• _WORK TO COMPLETE_: Repeat nothing but the line that contains "将搅拌好的消化饼干放入挞模,并用手压平。" and the lines after it, through the end of the listing, exactly as they stand; omit pictures.

[[ SOURCE DATA open ]]

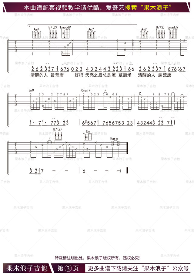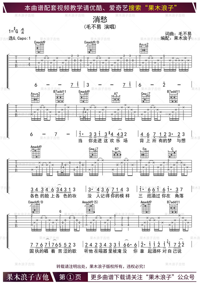 曲谱介绍: 毛不易《消愁》吉他弹唱谱,采用G调指法编配,共有3张高清图谱。
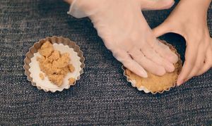 将搅拌好的消化饼干放入挞模,并用手压平。
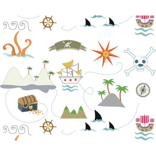 Kalandos tengeri út a Kincses szigethez fehér kék narancs szines gyerekszobai falpanel

[[ SOURCE DATA closed ]]

• _RESULT OF THIS TASK_:
 将搅拌好的消化饼干放入挞模,并用手压平。
 Kalandos tengeri út a Kincses szigethez fehér kék narancs szines gyerekszobai falpanel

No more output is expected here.